It can be hard to put aside the noise. There is often so much going on in the markets from day to day it is easy to get distracted, whether it be from the focus of a trade, the pursuit of an idea or even the enjoyment of the day. If you find a pattern or trend that has worked it the past, you have to try not to let it get away from you in all that noise.
Take Cognex (CGNX) as an example of a trend that can easily become lost. It is not a big, household name and the best trend here will take some patience and following, something many are not very good at any longer. Traders want instant gratification. Traders want a trade every day, sometimes a dozen or more in a day. And traders want instant results. CGNX may offer that, but that may not be the best trade.
When I look at past results, I do see the possibility of an instant trade on this one. CGNX has finished higher than its open the last four earnings reports. I could certainly see buying the open and selling that stock at the close, although it may not be easy. Twice -- the last two reports actually -- a trader buying the open would have experienced an intraday drawdown of 4% to 6%, which would be tough for many to hold. On the flip side, there have been two occasions where buying the opening offered the opportunity to sell the stock for double-digit gains the same day. In all four cases, buying the open resulted in a profit by the time the stock closed.
The option market is thin, so straddles and strangles are really difficult here. Toss in the fact that we have $5 wide strikes and most folks are going to ignore this one. I do see one possible trade, though. Note the openings have been relatively tame except for February 2014. While we've seen openings three times below the straddle pricing, we've also see the stock move beyond straddle pricing three times during the day, so there is an opportunity. The idea here would be to use a calendar trade where you would immediately close the short end of the trade early on, then look to close the long side of the trade if the stock made a double-digit move.

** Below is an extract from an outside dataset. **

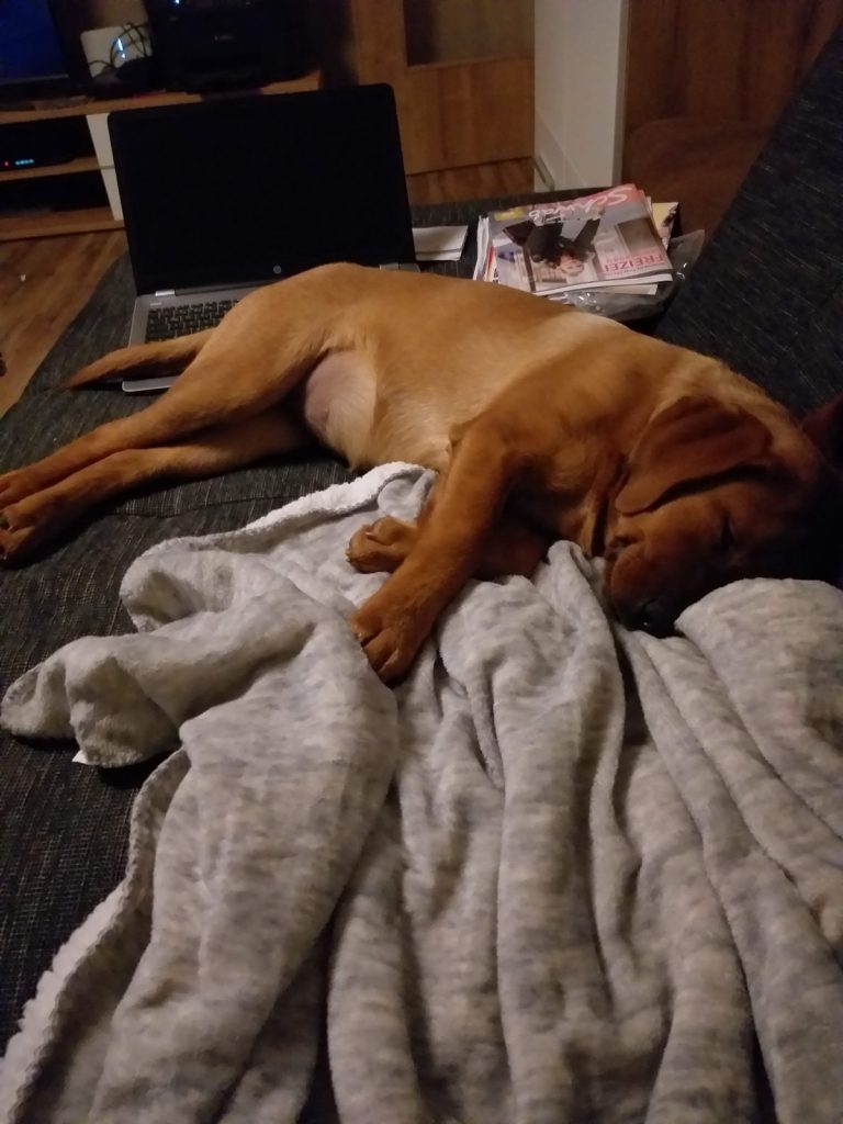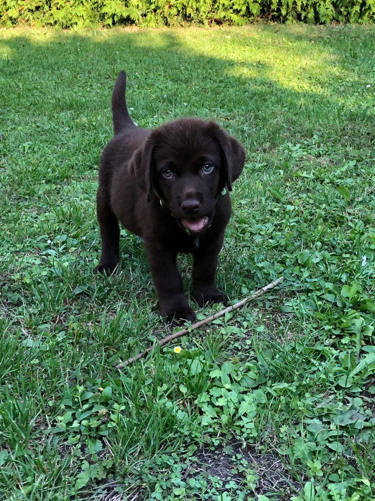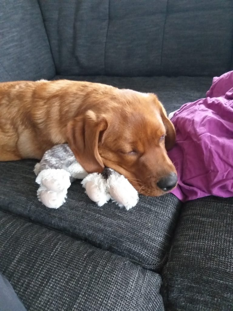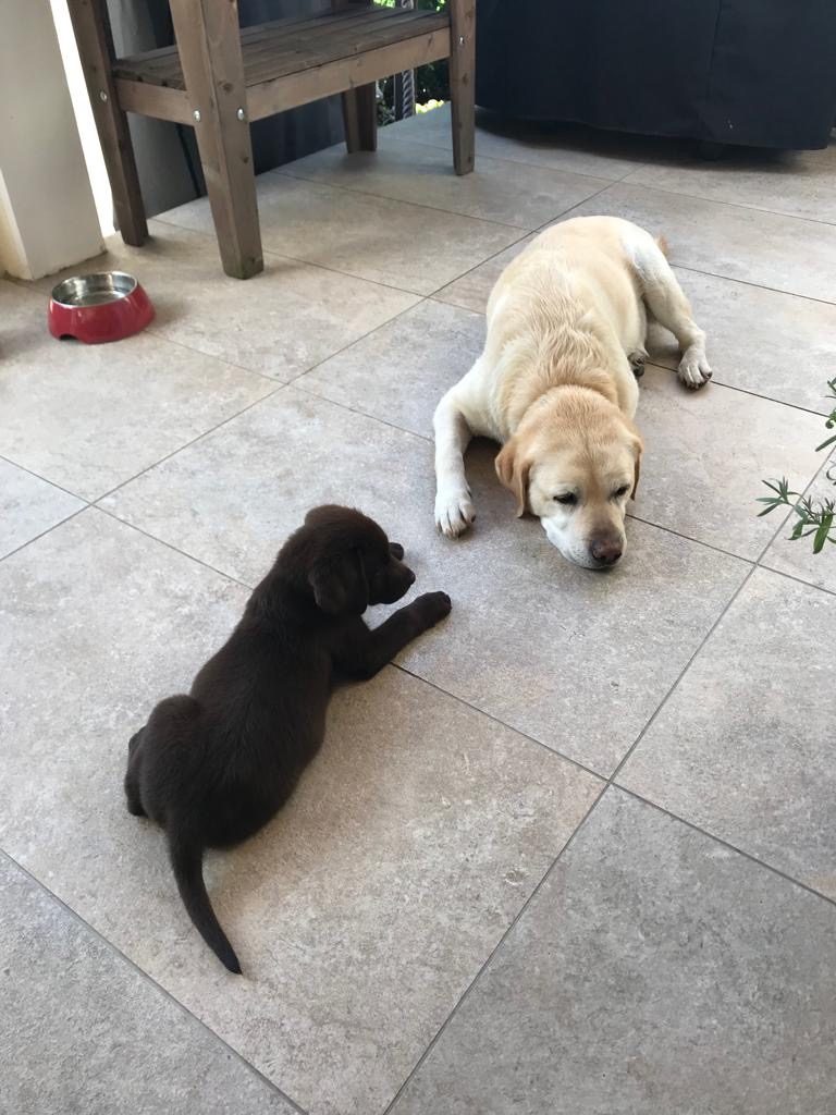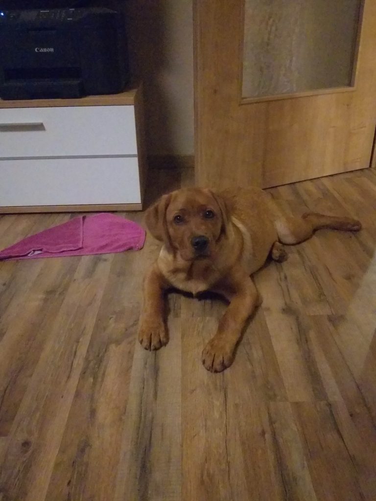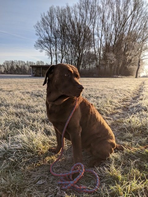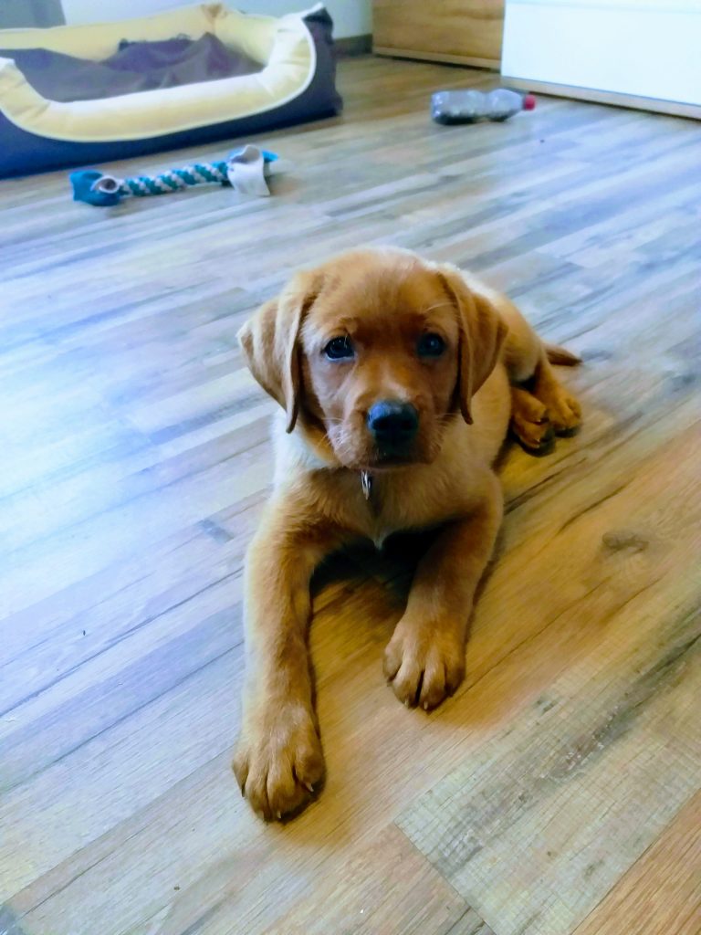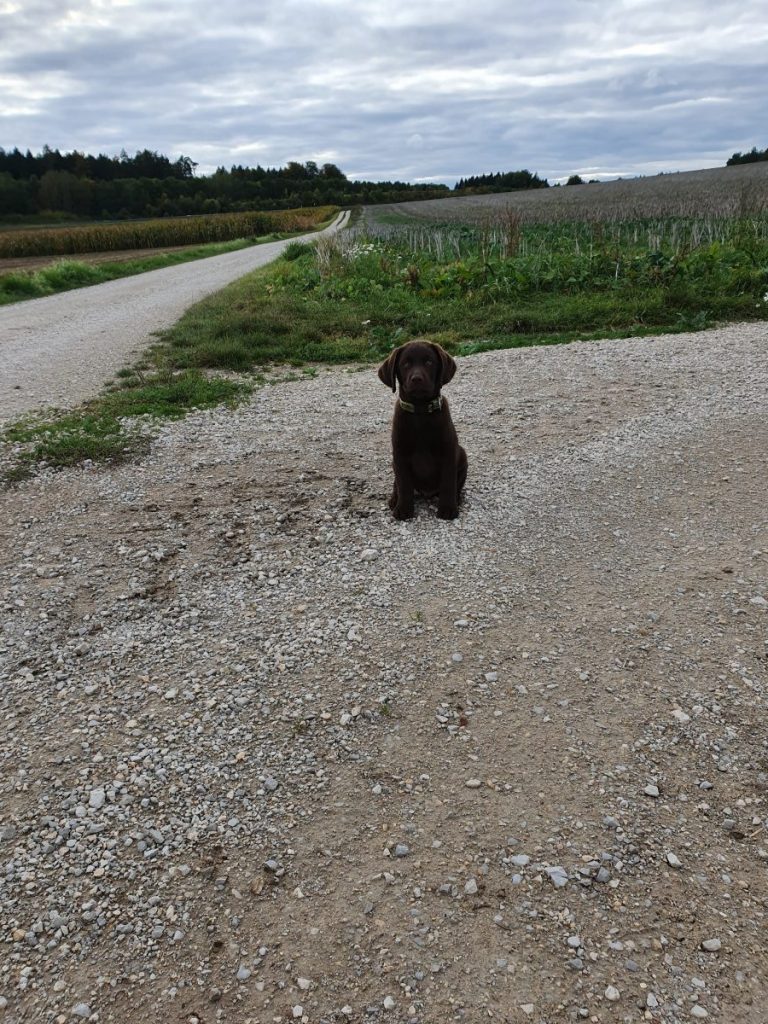 Liebe Tanja, hier mal ein kleines Update von Milow ehemals Max. Milow hat sich sehr schnell an sein neues Zuhause gewöhnt. Ich hatte ihm am Anfang ein Hundebett neben mein Bett gestellt damit er in meiner Nähe ist. Am Anfang fand er den Schuhschrank nachts jedoch bequemer. Jetzt hat er ein Hundetipi damit er seine eigene kleine Höhle hat und er liebt es. Ich habe Milow nach der ersten Woche beim Spazieren gehen abgeleint, da wie zuvor im Garten das Abrufen geübt hatten und es immer geklappt hat. Seitdem läuft er nur an der Leine wenn wir an der Straße gehen. Das Abrufen funktioniert bei ihm super und ich hoffe das bleibt auch so. Egal welche Ablenkung er hat sobald ich ihn rufe kommt er angerannt. Auch Sitz, Platz und Pfötchen kann er mittlerweile. Ich muss sagen er lernt ziemlich schnell. Seit dieser Woche bringt er auch den Snackdummy wenn ich ihm diesen werfe. Vor vier Wochen war ich das erste Mal mit ihm in der Welpenschule und gehe seitdem jeden Samstag mit ihm dort hin. Und ich würde sagen, dass er gerne dort hin geht. Bis jetzt versteht er sich sehr gut mit anderen Hunden und möchte immer mit jedem spielen. Auch mit unserem 8-jährigen Labrador versteht er sich mittlerweile. Am Anfang war unser Großer über den Nachwuchs nicht so begeistert, da er nicht mehr die alleinige Aufmerksamkeit hatte. Doch nach wenigen Tagen hat sich das gelegt und seitdem spielen die beiden jeden Tag miteinander und gehen regelmäßig zusammen spazieren. Ich habe Milow von Anfang an überall mit hingenommen. So konnte er sich gleich an viele Sachen gewöhnen. Ich habe mit ihm auch bereits ein Behindertenwohnheim besucht. Die Bewohner haben sich sehr über ihn gefreut und er auch über sie. Milow ist von seinem Charakter sehr einfühlsam, ruhig und verkuschelt. Ich habe das Gefühl, dass er merkt wenn es mir mal nicht gut geht und dann noch verkuschelter ist oder mir Spielsachen bringt um mich abzulenken. Und das schafft er auch meistens. Milow schläft am liebsten auf oder an mir, was immer schwerer wird weil er immer größer wird. Aktuell schläft er ca. 9 Stunden nachts durch. Ich gehe meistens um zehn nochmal mit ihm raus und dann weckt er mich gegen sieben, weil er sein Fressen möchte. Danach ist es tagesabhängig ob er wachbleibt oder sich nochmal hinlegt und schläft. Zum Schluss möchte ich sagen, dass ich wirklich sehr froh bin den kleinen bei dir gekauft zu haben! Liebe Grüße und bis bald Cara Schlör

Given the three big double-digit moves we've seen, I would tackle this one by shorting the September $35 puts/$40 call strangle, then buying 2x August $35 put/$40 call strangle for a cost of $0.25 to $0.40, with my target being closer to $0.30. If there is a big move or even a 10% move on the open, there is a solid chance the extra-long strangles, even if front month, will play out well. The April 2014 results are about the worst-case scenario, as a point of reference.
There is another possible trade for those more patient, based on the following charts, which are also the same reason I would not look to hold those August strangles for very long (as in not longer than the end of this week). The following two charts show CGNX stock action just into earnings and through the next month and a half. I've outlined the price action on the first trading days after earnings with the black box. Other than February 2014, an interesting trend has emerged. The stock has not traded outside of the earnings day trading range on a significant basis for four to six weeks. Even the February report saw the stock come to the top end of the range after only a few days, so what do we conclude here?
Near the end of this week, as I would give the stock two days post earnings, use the trade range of the first post-earnings day of trading as a trigger. If the stock breaks above, then look to buy it using the 21-day simple moving average as a stop point if on the long side. If the stock extends 8-10% into the green, then begin to use the 8-day simple moving average as a stop for half the position and maintain the 21-day SMA for the remainder of the position. While there may be other applications, this one is nice and simple. We tend to get away from nice and simple these days. I really like this idea and I don't plan on letting it get lost in the noise.